For one thing, license expirations are not imminent, the earliest coming in 2022. Plus, the state of seismic knowledge has advanced considerably since the two California plants were last licensed. So a complete examination of their operations is in order, even if there is no known imminent threat.

Be Wary of Faults

“Concern over seismic events at nuclear power plants in California is not a new issue,” wrote the state lawmakers. They noted that a nuclear plant at Humboldt Bay was closed for seismic retrofitting in 1976 because of newly-known earthquake faults and was later decommissioned. They also noted that when a 6.8 quake in 2007 jolted Japan’s Kashiwazaki nuclear facility, the world’s largest, ground motion nearly doubled the maximum for which that plant was designed. The latest quake also far exceeded design expectations. How can we be sure the same thing won't happen here? the lawmakers asked.

“We believe the seismicity and remaining uncertainty of California creates concerns…,” they said.

What concerns? While both PG&E and Edison have issued soothing statements since the Japanese disaster about how prepared their plants are and how they’re designed to take the maximum possible movement of any known nearby faults, plenty is known today that was not a few years ago.

For one thing, the U.S. Geological Service in 2008 reported discovering a previously unknown “significant” fault directly beneath Diablo Canyon, meaning there are at least two active faults in its immediate vicinity. A quake on one fault can sometimes trigger movement on others nearby, creating more earth movement than the known maximum for any single fault in the area.

The legislators added that “there is credible reason to believe that the design basis … approved by the NRC at the time of licensing (San Onofre) may underestimate the seismic risk at the site.” This doesn’t make San Onofre unsafe, they said, but it may mean its margin of safety is less than previously thought.

While no one accuses either PG&E or Edison of deliberately understating risks, that has happened at other American nukes, most notably New York’s Shoreham Nuclear Power Plant, where builders were found by federal investigators to have lied in 1988 about seismic safety factors.

It behooves Californians and federal regulators not to meekly accept the statements of the big utilities.

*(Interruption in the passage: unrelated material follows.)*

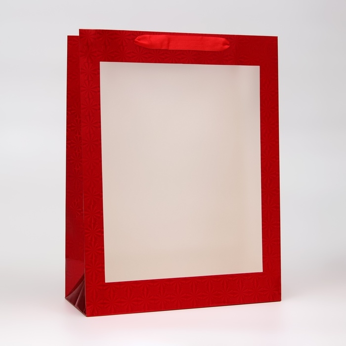 Пакет подарочный, фольгированный, упаковка, с окном, "Красный", L 40 х 30 х 13 см

They’ve been wrong before, as when PG&E told the state just prior to the 2008 USGS report of a new fault that “We believe there is no uncertainty regarding the seismic setting and hazard” at Diablo Canyon.

The Japanese crisis, complete with evacuation of half a million persons and a radiation quarantine zone extending 19 miles around Fukushima Daiichi, demonstrates that the risks of nuclear power – entirely aside from problems with storing radioactive waste – dictate going slowly whenever possible. The long time frame before California’s two nukes actually need re-licensing mandates not just hearings, but very careful analysis of all potential hazards and the reliability of all planned safety and mitigation measures.